• Collected data:
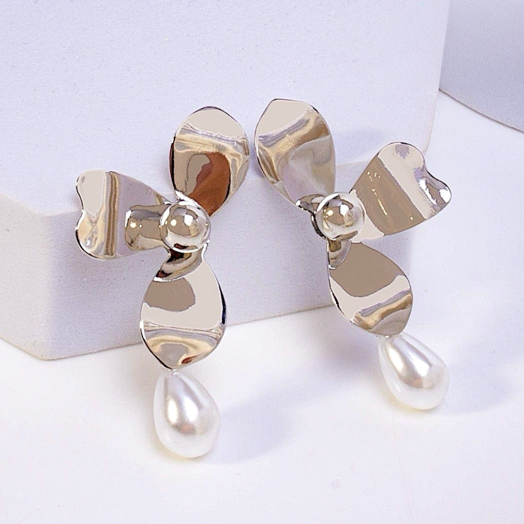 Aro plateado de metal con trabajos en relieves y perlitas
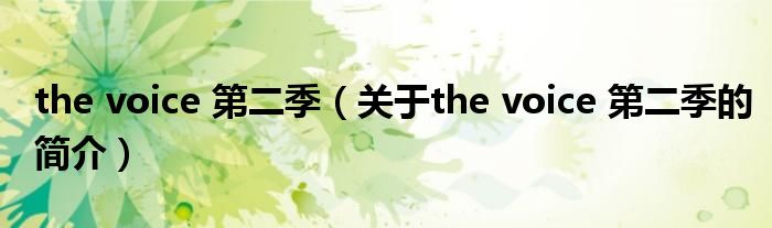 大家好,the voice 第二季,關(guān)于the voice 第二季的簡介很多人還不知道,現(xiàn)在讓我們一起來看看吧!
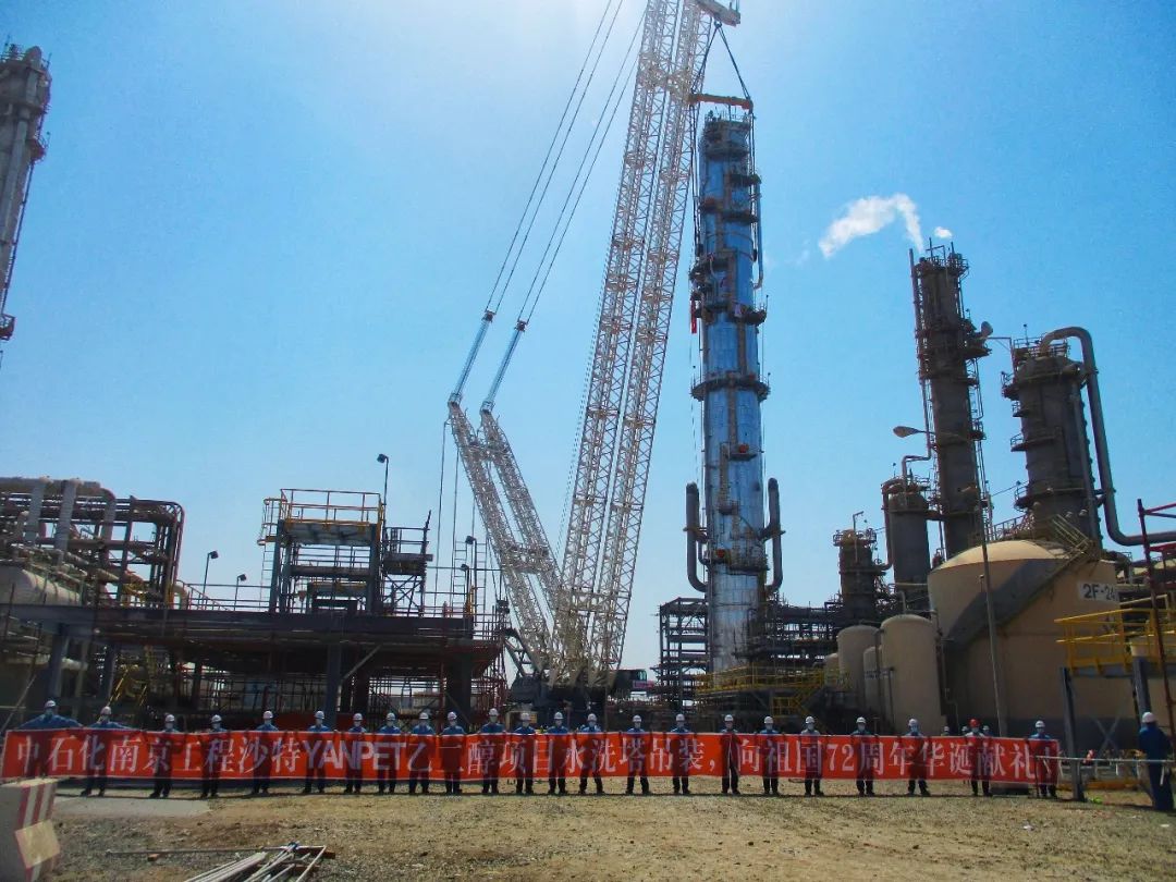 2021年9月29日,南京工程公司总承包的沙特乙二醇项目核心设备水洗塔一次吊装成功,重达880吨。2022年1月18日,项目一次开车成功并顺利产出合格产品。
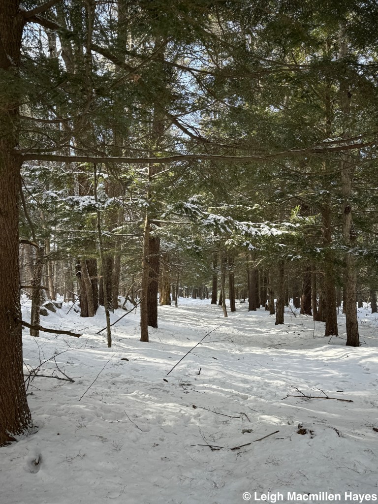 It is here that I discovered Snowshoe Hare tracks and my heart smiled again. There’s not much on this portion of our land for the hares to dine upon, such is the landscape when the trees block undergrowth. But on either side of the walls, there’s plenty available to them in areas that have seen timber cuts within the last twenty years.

• Problem to work on: Would you output the listing above verbatim, without its pictures?

• Written solution:
 Aro plateado de metal con trabajos en relieves y perlitas
 大家好,the voice 第二季,關(guān)于the voice 第二季的簡介很多人還不知道,現(xiàn)在讓我們一起來看看吧!
 2021年9月29日,南京工程公司总承包的沙特乙二醇项目核心设备水洗塔一次吊装成功,重达880吨。2022年1月18日,项目一次开车成功并顺利产出合格产品。
 It is here that I discovered Snowshoe Hare tracks and my heart smiled again. There’s not much on this portion of our land for the hares to dine upon, such is the landscape when the trees block undergrowth. But on either side of the walls, there’s plenty available to them in areas that have seen timber cuts within the last twenty years.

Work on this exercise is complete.